The place an organism lives and carries out its life activities is known as its habitat. The
role of that organism, or what it does in an ecosystem, is known as its niche. Niches might
include being a producer, a consumer, or a decomposer.
SYMBIOTIC RELATIONSHIPS
Symbiosis is defined as a relationship in which two organisms live closely together. There
are several types of symbiosis: mutualism-two organisms live closely together and both
benefit from each other; parasitism-two organisms live closely together and one benefits,
but one is harmed; commensalism-two organisms live closely together and one benefits,
and one is not affected at all.
Predator/Prey relationship- a predator hunts an animal, kills it, and eats it. The animal
the predator hunts is known as the prey.
POPULATIONS- there are three important characteristics of a population: (1) its
geographic distribution-describes the area (size range) inhabited by a population (2) its
density-describes the number of individuals per unit area and (3) its growth ratedescribes the increase or decrease in total number of individuals in the population.

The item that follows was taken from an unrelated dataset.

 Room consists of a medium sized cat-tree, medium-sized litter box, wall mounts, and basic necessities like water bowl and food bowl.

A population’s size can be affected by three factors as well: the number of births, the
number of deaths, and the number of individuals that enter or leave the population.

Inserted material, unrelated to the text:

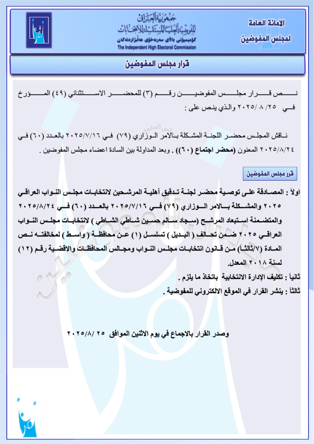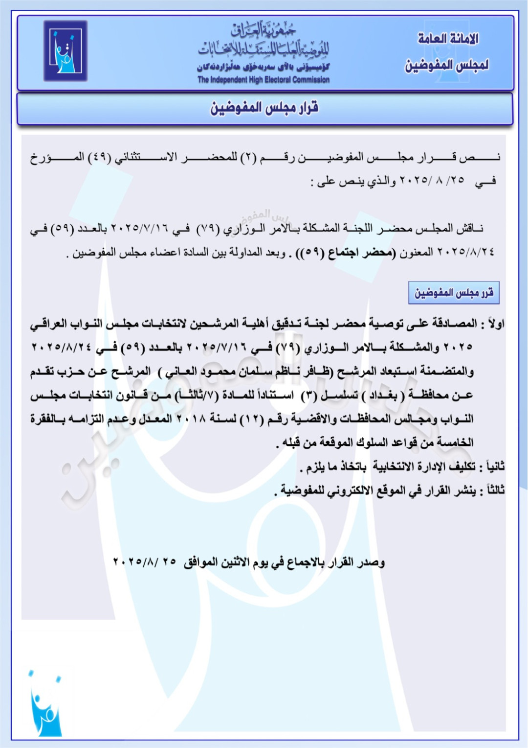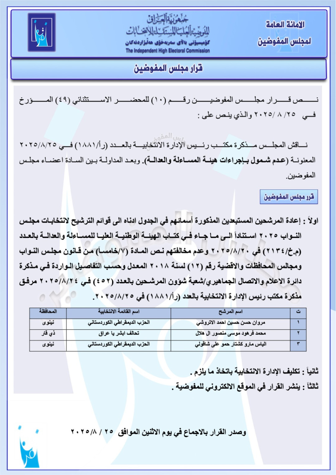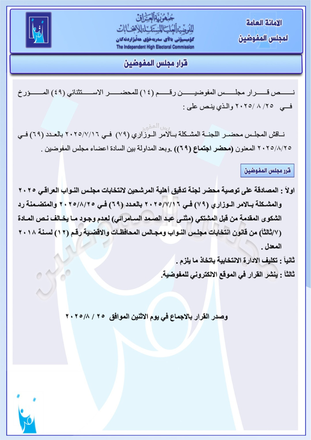 بغداد/ شبكة أخبار العراق- أعلنت المفوضية العليا المستقلة للانتخابات في العراق، اليوم، إعادة مرشحين مستبعدين إلى السباق الانتخابي فيما استبعدت آخرين لمخالفتهم قانون الانتخابات.وأشارت المفوضية في وثائق نشرت من قبلها، إلى أن قرار إعادة المرشحين بعد استبعادهم جاء “لعدم كفاية الأدلة الثبوتية”.وأظهرت الوثائق استبعاد المرشح ظافر العاني لعدم التزامه بقواعد السلوك، والمصادقة على استبعاد المرشح سجاد سالم لمخالفته المادة 7/ ثالثاً من قانون الانتخابات، والمصادقة على رد الشكوى المقدمة من مثنى السامرائي لعدم وجود ما يخالف المادة آنفاً.كما تضمنت أيضاً، الموافقة على التوصية برد الشكوى المقدمة من قبل هادي حسن السلامي لعدم كفاية الأدلة.

If the birth rate is greater than the death rate, the population size increases.
If the death rate is greater than the birth rate, the population size decreases.
Immigration describes the movement of individuals into an area.

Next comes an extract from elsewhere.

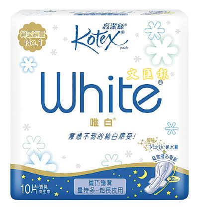 對於女性來說,每月總有幾天令她坐立不安,擔心尷尬的場面發生。全新的Kotex White衛生巾系列有Magic鎖水層,極速鎖水,比以往快2倍,讓妳跑百米也不滲漏,加上全新時尚花紋圖案包裝,時刻保持乾淨。另外,擁有超透氣呼吸底層,將濕氣呼出,趕走悶熱,讓有肌膚保持清爽感覺。這系列設有「量特多 ~ 超長夜用」裝,其32cm 超長巾身及加闊44%的超寬扇形尾部,全方位包住臀部,晚晚也可以安枕無憂,甜睡到天明。

Emigration describes the movement of individuals out of an area.
Factors that might affect a population by causing its growth to decrease or to stagnate are
called limiting factors. There are two types of limiting factors: (1) density-dependent
factors – these factors depend directly on the population’s size. Factors that are densitydependent operate most strongly when a population is large and dense. They do not affect
small, scattered populations as much. Density-dependent limiting factors include
competition (for things like food, shelter, water, mates, etc.), predation, parasitism, and
disease. (2) density-independent factors – these factors affect all populations in similar
way, regardless of the population size. Density-independent limiting factors include
natural disasters (earthquakes, volcanic eruptions, wildfires, etc.), seasonal cycles (wet/dry
seasons, hot/cold seasons), unusual weather (droughts, floods, etc.), and certain human
activities (damming rivers, cutting down forests, etc.).
ECOLOGICAL SUCCESSION
Ecosystems are constantly changing in response to natural and human disturbances. As an
ecosystem changes, older inhabitants gradually die out and new organisms move in,
causing further changes in the community. This series of predictable changes that occurs
in a community over time is called ecological succession.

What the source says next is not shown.